DEV Community

James Lee
James Lee

Posted on

xDS Protocol Deep Dive: The Universal Control Plane API Behind Envoy and Istio

When we talk about Istio or Envoy, we often hear terms like "dynamic configuration" and "control plane push." But what exactly is the underlying protocol that makes all of this work? The answer is xDS.

In this article, I'll do a deep dive into the xDS protocol — what it is, how it works, and why it matters beyond just Service Mesh.


What is xDS?

xDS is a family of discovery service APIs that allow a data plane proxy (like Envoy) to dynamically fetch configuration from a management server — without any restart or file reload.

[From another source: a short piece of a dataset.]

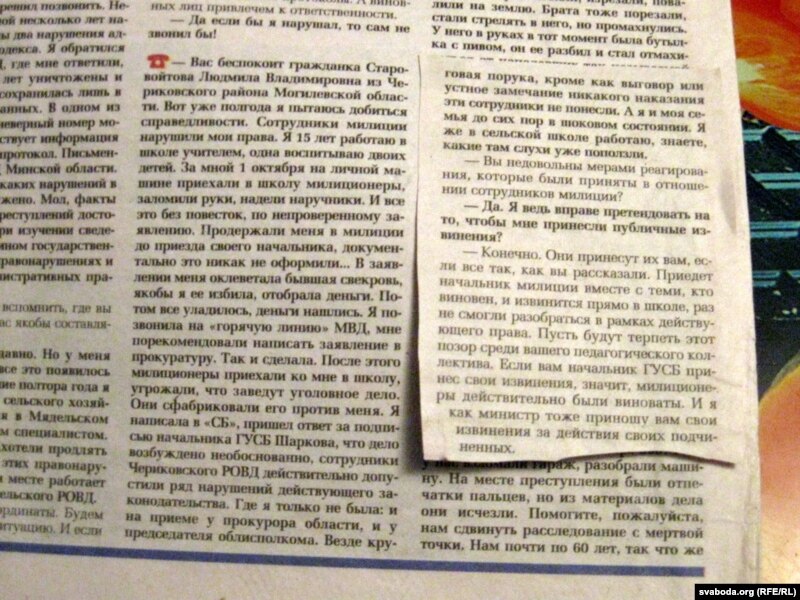 «І калі я ня стала даваць паказаньні, сказалі: „Можаш быць вольнай“. Кажу, не, панове, я столькі часу праседзела, і ў мяне няма грошай — буду чакаць начальніка. У 9 вечара паклікалі — „грошы знайшліся, але прызнайцеся, што вы палкай зьбілі двух чалавек“. Я кажу — вы хочаце, каб я сябе абгаварыла?! Далей патэлефанавала на „гарачую лінію“ ў МУС, напісала ў пракуратуру, копію заявы занесла старшыні райвыканкаму Кадаценку. Потым сакратарка мне прызналася, што была накладзена яго віза — „заяўніку адказу не даваць“. У той жа дзень да мяне зьявіліся два замы начальніка Чэрыкаўскай міліцыі — Сяргееў і Післар. Яны пагражалі, што ўзбудзяць супраць мяне крымінальную справу, калі заяву не забяру. Я сказала — узбуджайце! І справа была ўзбуджана. Яны скардзіліся ва ўпраўленьне ўнутраных спраў Магілёўскага аблвыканкаму за тое, што я патрабавала весьці справу на беларускай мове…»

The "x" in xDS is a wildcard. It covers:

API Full Name Purpose
LDS Listener Discovery Service Dynamically manage listeners (ports)
RDS Route Discovery Service Dynamically manage routing rules
CDS Cluster Discovery Service Dynamically manage upstream clusters
EDS Endpoint Discovery Service Dynamically manage cluster endpoints
SDS Secret Discovery Service Dynamically manage TLS certificates

Key insight: xDS is not just for Service Mesh. gRPC also uses xDS for service discovery. It defines a universal, extensible control API for microservices — any configuration can be resolved through discovery.


The Four Core Resources in Envoy

Each xDS type corresponds to a specific resource type. The type is stored in the TypeUrl field of every DiscoveryRequest and DiscoveryResponse, in the format:

type.googleapis.com/<resource type>
Enter fullscreen mode Exit fullscreen mode

For example: type.googleapis.com/envoy.api.v2.Cluster means this is a CDS (Cluster) resource.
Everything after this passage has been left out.